Living and working in a city that cultural critic Ackbar Abbas paradoxically positions as existing in a state of ‘timelessnesses (achronicity) and placelessness,’¹ my focus has gravitated towards the simultaneous existence of what appear to be moments fixed in time (snapshots) engulfed by unpredictable currents (the world and its change). These recent times of turbulence—Hong Kong’s political unrest of 2019 and the pandemic that followed, though if we were to take a longer view, we could of course point out that Hong Kong has long been a centre for disruption/disturbance/upheaval—has highlighted the limitations, subjectivities, and constraints of my perspective as an outsider, not from this place, but living within it. This body of work is also, in part, an attempt to navigate and wrestle with these boundaries of perspective.

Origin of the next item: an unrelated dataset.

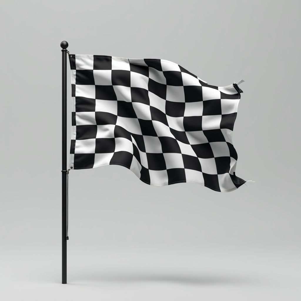3D render, auto racing, black pole, black white flag, checkered pattern, checkers, clipart, finial, finish line flag, flag pole, flag waving, graphic design, illustration, isolated background, motorsport flag, race flag, racing flag, speedway flag, transparent background, victory flag, waving flag, checkered flag
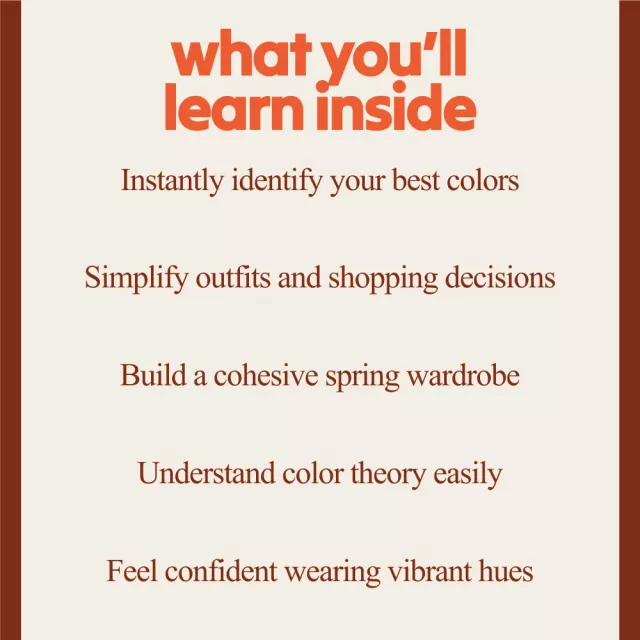 This bundle is perfect for anyone drawn to bright, warm, and fresh colors—style beginners, fashion lovers, personal stylists, or anyone exploring spring seasonal color analysis to simplify daily outfit choices.

Which begs the question: Where might an inquiry into the nature of perspective begin? 

Theorist, Ariella Azoulay, views photography as an ‘event’, a web of relationships beginning, but not ending, with the creation of the photograph. Azoulay argues that ‘photography is a product resulting from the actions of many agents and... is only a sample of the relations between people,’² noting ‘no one is the sole signatory to the event of photography.’³
  
Lens-based practices, such as photography, lend themselves to explorations and extended musings about our relationship with time, given the entente shared by photograph/memory/moment. I don’t seek to fix this alliance of elements in my work; instead, I attempt to examine their passage, wherein a photograph becomes a contemplation of experience, a subjective rendering acknowledging its limitation. This limitation can also be reconsidered through Azoulay’s lens of photography as an event (i.e. not a fixed point in itself), inviting ‘the gaze to wander beyond what the photograph frames.’⁴ Azoulay notes that ‘with the assistance of the spectator, the point of view under consideration here permits the event of photography to be preserved as one bearing the potential for permanent renewal that undermines any attempt to terminate it or to proclaim that it has reached its end.’⁵ I find this idea of endlessness beautiful and somewhat intimidating. It has prompted me to pause and reflect on the ‘what’ and the ‘why’ within my work, initiating an internal dialogue about ideas relating to intent, purpose, and ethical considerations surrounding a photograph. 
Slow Dive, 2016—23
Part of this explorative process is about embracing chance and the unpredictability of what unfolds before a camera’s lens. Abbas observes, ‘the more you try to make the world hold still in a reflective gaze, the more it moves under you.’⁶ To capture this kinetic energy, I employ a slow shutter, sacrificing traditional clarity for impressions of movement—creating short films within a single frame, an invitation for the viewer to participate and ‘watch’ the ongoing event of the scene.

The world within these elongated exposures surfaces exaggerated and abstracted gestures, objects, cycles, and forms, leaving impressions of activity on the camera’s sensor visible to the human eye only later. The resulting photographs resemble found objects resulting from chance encounters—a rendering of events into pixels, offering fragmented views like memories obscured by time.
Slow Dive, 2016—23
Complementing these abstract explorations is a more figurative approach. This method employs highlight-weighted black-and-white photography. In these images, detail is preserved in the brightest areas of each scene, which means that large portions of detail within a frame fall into shadow. Much like an umbrella shields from sun or rain, these shadows shield identities, an act of concealment acknowledging the lack of consent inherent within street photography. Whether this is a bandaid, the beginning of a solution, both, or something else, I am still figuring out. The graphic quality of this approach creates what I think of as a ‘disembodied narrative’, a sense of story detached from specific identities, resembling traces of what has been, perhaps recalling how memories can fade to the point that only their outlines remain.
Lucky Strike, 2019—22
Reverse Hallucination, 2019—23
There might be a tendency to see this sort of photography as bleak. Undoubtedly, high-contrast black-and-white photography is, in its nature, stark. However, I see the black of an image not necessarily as a negative space but as a space of reflection. This idea echoes filmmaker Chris Marker’s realisation in Sans Soleil’s opening scene, one featuring the imagery of the children on the road in Iceland, an ‘image of happiness’. He muses, ‘One day, I’ll have to put it all alone at the beginning of a film with a long piece of black leader; if they don’t see happiness in the picture, at least they’ll see the black.’⁷ Similarly, in these photographs, I think of the black as a ‘cinematic black’, a fade-to-black, not necessarily an absence, but an invitation for contemplation and transition—a window to find one’s own meanings within the shadows.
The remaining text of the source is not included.